- Chhota Suzapur Location in West Bengal, India Chhota Suzapur Chhota Suzapur (India)
- Coordinates: 24°54′59″N 88°05′37″E﻿ / ﻿24.916376°N 88.093665°E
- Country: India
- State: West Bengal
- District: Malda

Area
- • Total: 0.9052 km^{2} (0.3495 sq mi)

Population (2011)
- • Total: 11,216
- • Density: 12,390/km^{2} (32,090/sq mi)

Languages (For language and religion details see Kaliachak I#Language and religion)
- • Official: Bengali, English
- Time zone: UTC+5:30 (IST)
- PIN: 732206
- Telephone/ STD code: 03512
- Vehicle registration: WB
- Lok Sabha constituency: Maldaha Dakshin
- Vidhan Sabha constituency: Sujapur
- Website: malda.nic.in

= Chhota Suzapur =

Chhota Suzapur is a census town. It is located in the Kaliachak I CD block in the Malda Sadar subdivision of Malda district in West Bengal, India.

== Geography ==

===Location===
Chhota Suzapur is located at .

According to the map of Kaliachak CD block in the District Census Handbook, Maldah, 2011, Chhota Suzapur, Bara Suzapur, Chaspara, Nazirpur, Bamangram and Jalalpur form a cluster of census towns.

===Area overview===
The area shown in the adjoining map is the physiographic sub-region known as the diara. It "is a relatively well drained flat land formed by the fluvial deposition of newer alluvium." The most note-worthy feature is the Farakka Barrage across the Ganges. The area is a part of the Malda Sadar subdivision, which is an overwhelmingly rural region, but the area shown in the map has pockets of urbanization with 17 census towns, concentrated mostly in the Kaliachak I CD block. The bank of the Ganges between Bhutni and Panchanandapur (both the places are marked on the map), is the area worst hit by left bank erosion, a major problem in the Malda area. The ruins of Gauda, capital of several empires, is located in this area.

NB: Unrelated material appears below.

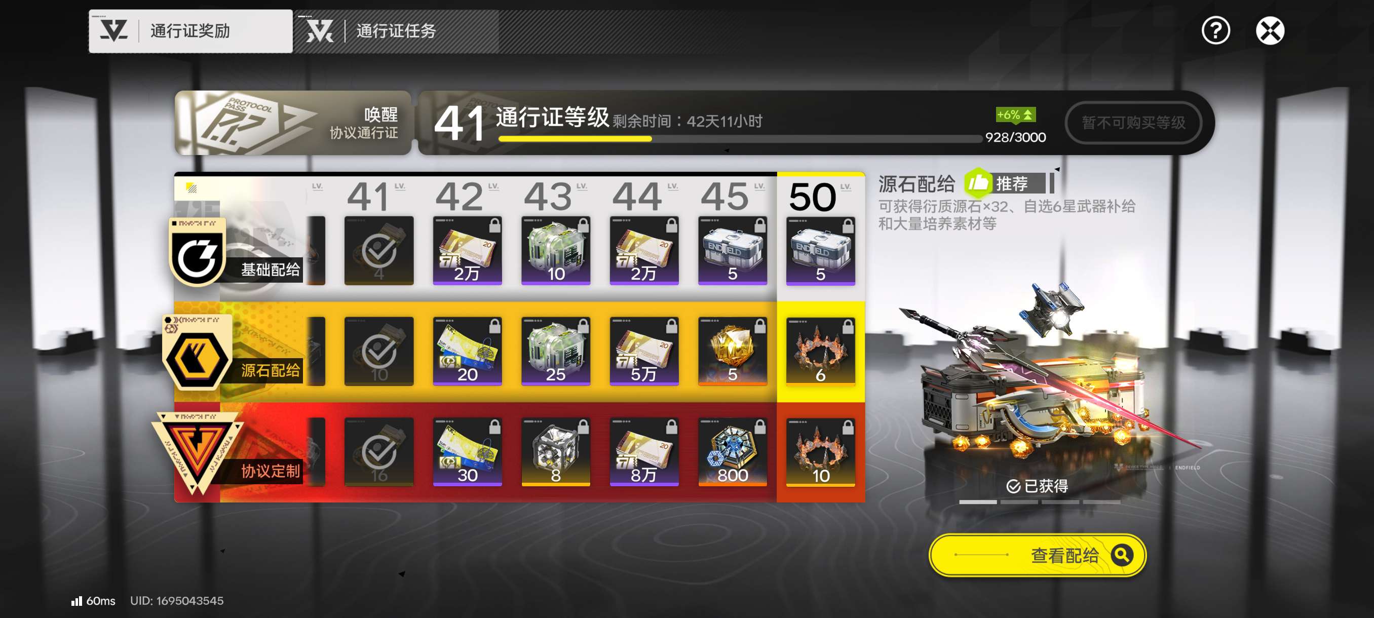 毕业1命莱万汀+4破专武+2命别礼,有大小月卡,基建全弄好,电梯也搭好了

Note: The map alongside presents some of the notable locations in the area. All places marked in the map are linked in the larger full screen map.

==Demographics==
According to the 2011 Census of India, Chhota Suzapur had a total population of 11,216, of which 5,808 (52%) were males and 5,408 (48%) were females. Population in the age range 0–6 years was 1,757. The total number of literate persons in Chhota Suzapur was 7,314 (77.32% of the population over 6 years).

==Infrastructure==
According to the District Census Handbook, Maldah, 2011, Chhota Suzapur covered an area of 0.9052 km^{2}. It had 10 km roads with both open and closed drains. The protected water-supply involved river infiltration gallery, tap water from treated sources, tube well/ bore well. It had 904 domestic electric connections. Among the medical facilities it had 4 dispensaries/ health centres, 6 medicine shops. Among the educational facilities, it had 8 primary schools, 3 middle schools, 3 secondary schools, 3 senior secondary schools, the nearest general degree college at Malda 10 km away. It produced resham silk, mango, potato. It had branch offices of 2 nationalised banks, 1 private commercial bank.

==Healthcare==
There is a primary health centre, with 10 beds at Sujapur.